Planning and future work live in docs/roadmap.md. That document is the canonical source of truth for what is in flight, next, and explicitly out of scope for the current cutover.

Why It Exists

  • Start from a URL and get something useful quickly: extracted content, crawl output, or a research bundle.
  • Keep everything local by default: jobs, artifacts, auth profiles, schedules, and render rules stay on disk.
  • Use the same job model everywhere: Web UI, CLI, API, TUI, and MCP all operate on the same persisted workflows.
  • Stay practical for real sites: HTTP-first by default, Chromedp/Playwright when pages are JS-heavy or need login flows.

5-Minute Demo

This walkthrough uses the default out-of-the-box path. Leave AI, proxy pooling, and retention off; they are optional and not needed for the first successful scrape.

git clone https://github.com/fitchmultz/spartan-scraper.git
cd spartan-scraper

make verify-toolchain
make install
make generate
make build

# terminal 1
./bin/spartan server

# terminal 2
make web-dev

If startup detects a legacy or unsupported .data directory, Spartan now serves guided setup mode instead of failing only in the terminal. Run ./bin/spartan reset-data once to archive the current data directory under output/cutover/ and recreate .data for a fresh Balanced 1.0 boot.

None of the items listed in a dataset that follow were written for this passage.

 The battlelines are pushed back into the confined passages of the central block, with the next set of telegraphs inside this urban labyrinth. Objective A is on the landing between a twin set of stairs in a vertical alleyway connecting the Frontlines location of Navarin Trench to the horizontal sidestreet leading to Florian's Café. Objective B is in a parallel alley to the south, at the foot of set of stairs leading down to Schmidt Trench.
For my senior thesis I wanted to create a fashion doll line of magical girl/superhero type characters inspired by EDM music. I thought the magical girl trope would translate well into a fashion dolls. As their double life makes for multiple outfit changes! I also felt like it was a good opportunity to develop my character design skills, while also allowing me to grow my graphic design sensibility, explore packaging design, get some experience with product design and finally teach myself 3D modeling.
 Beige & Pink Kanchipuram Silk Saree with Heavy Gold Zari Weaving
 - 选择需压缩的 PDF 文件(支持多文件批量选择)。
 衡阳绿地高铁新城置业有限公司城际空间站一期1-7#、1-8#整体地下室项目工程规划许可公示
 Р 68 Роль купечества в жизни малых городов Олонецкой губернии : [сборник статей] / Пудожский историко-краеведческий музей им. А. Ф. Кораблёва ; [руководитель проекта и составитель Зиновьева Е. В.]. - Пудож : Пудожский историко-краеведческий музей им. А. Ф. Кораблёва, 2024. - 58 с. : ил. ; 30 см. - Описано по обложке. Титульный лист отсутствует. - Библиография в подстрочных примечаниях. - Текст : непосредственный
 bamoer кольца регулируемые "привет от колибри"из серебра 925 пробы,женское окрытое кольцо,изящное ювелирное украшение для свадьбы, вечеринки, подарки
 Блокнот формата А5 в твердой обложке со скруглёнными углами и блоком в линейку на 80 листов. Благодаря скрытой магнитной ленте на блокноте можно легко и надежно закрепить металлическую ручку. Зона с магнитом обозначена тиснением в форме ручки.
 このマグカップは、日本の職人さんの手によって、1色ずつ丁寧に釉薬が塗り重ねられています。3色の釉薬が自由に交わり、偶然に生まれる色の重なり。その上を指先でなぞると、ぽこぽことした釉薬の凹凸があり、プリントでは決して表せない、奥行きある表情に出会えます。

Open http://localhost:5173, submit a scrape job for https://example.com, and expect:

  • the dashboard to show a new job move into succeeded
  • the results panel to include Example Domain
  • the metrics widget to show a live WebSocket connection

If you want a CLI-only proof first:

./bin/spartan scrape --url https://example.com --out ./out/example.json
cat ./out/example.json

Expected output includes the page title text Example Domain.

For a more guided version with expected checkpoints, see docs/demo.md.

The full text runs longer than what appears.